Burning fresh or otherwise damp wood is not energy-efficient, so it's also hard on the wallet. In addition, burning dump wood produces significantly more emissions than burning properly dried wood.
Burning wet wood uses energy to evaporate water, which is directly removed from the heat produced. It is therefore worth paying attention to the drying and storaging of firewood to ensure that heating is as efficient and environmentally friendly as possible.
Dry firewood burns economically and in an environmentally friendly way
Proper drying of firewood ensures its quality and facilitates its transport. In commercial production, drying of firewood is an important part of the production process and careful implementation will speed up the process and thus generate savings. You can read more about this topic in our blog on how to produce cleaner firewood.
The recommended moisture for firewood is 15-20%. With the correct moisture, wood burns cleanly and produces heat energy as efficiently as possible. This also makes the lighting and burning of firewood easy, economical and environmentally friendly. Carefully dried firewood also prevents mould during the storage phase.
The best time to cut your firewood is usually spring
The best time to cut your firewood is usually spring. This way you will have enough time to dry them before the autumn season. To intensify the drying process you can chop the firewood directly into a warehouse with breathable walls or stack them under a canopy.
Air drying in log bags or log cages makes it easier to transfer your firewood during the drying process if necessary. It also makes it easy to transport the firewood to the customer. Wood sacks are a popular solution in many countries and almost all sacks are made of highly breathable material which allows the firewood to dry quick and easy.
In case you want to make dry firewood all year round, you most likely need to use artificial drying. Different artificial drying methods are popular especially among professionals. In artificial drying you speed up the drying process for example with a kiln dryer or with an air dryer with artificial ventilation.

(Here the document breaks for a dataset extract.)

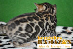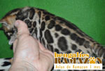 Aquí tiene dos meses y ya vemos el crecimiento de las orejas, que están en desproporción respecto la cabeza, se ven más grandes. Ha entrado en la etapa de los "fuzzies", en la que abundan los pelitos de camuflaje que restan nitidez al manto y desdibujan las rosetas. Los tonos pierden un poco la intensidad respecto a la edad anterior. Los ojos tienen ese tono azul/verdoso, entrando en el cambio de color.

Under no circumstances should you attempt to dry firewood in a confined space, as this slows down the drying process, reduces the quality of the firewood and increases the risk of mould. Air chalk works for drying firewood, but air drying in clap sacks or slotted sacks is usually even more effective. They also make it easier to move and transport firewood when necessary. The right kind of clap sacks are made of highly breathable material and dry firewood quickly and easily.
STORING FIREWOOD PROPERLY
When storing firewood, it is important to make sure that the dried wood stays dry. Therefore, the very first thing to do is to make sure that the wood is stored in a place protected from rain, for example in a shed. Remember to ensure that the wood is not covered too tightly. This will allow moisture to condense and the firewood to mould easily.
The most important rule to remember when storing firewood is that it should always be stored so that the air can move around it. For example, in a good woodshed, air circulates through gaps in the floor, walls and roof. The structure should therefore be designed to protect the firewood from rain, while still providing good ventilation in all directions.

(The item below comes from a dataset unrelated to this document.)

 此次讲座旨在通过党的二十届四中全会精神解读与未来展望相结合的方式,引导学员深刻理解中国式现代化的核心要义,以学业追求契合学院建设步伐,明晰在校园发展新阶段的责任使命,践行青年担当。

If you store your wood next to the wall of a building, remember that firewood can be home to a wide range of microbes and may also contain mould or moisture. This can pose a risk to the building and even cause structural damage. Make sure you only store clean and dry wood this way and make sure there is a proper ventilation also to keep the firewood dry.
Remember to be alert for fire hazards
Piling firewood next to the wall of a building is also a fire risk. In the event of a fire, wood piled next to a building will intensify the fire, accelerate its spread and make firefighting work more difficult. It is therefore advisable to store firewood safely away from occupied buildings.
The best place to store firewood is in an airy chalkboard, where it can dry out and stay dry after drying. However, fire safety and related regulations must also be taken into account when storing firewood outside. The firewood store should not be located too close to other buildings.
It is best not to keep more than a small amount of wood indoors, so it is best to bring wood inside 1-2 days before burning it. This gives the outer surface of the wood time to dry inside, but minimises other risks.
Tips for storing firewood correctly
- Do not store firewood on the wall of a residential building, as it is a fire hazard and can also cause structural damage to the building.
- Store firewood indoors only in small quantities at a time. A good rule of thumb is to bring only the amount of firewood you will need to burn within a few days.
- Do not store firewood on the ground without platform.
- Do not cover firewood too tightly to prevent moisture condensation and mould.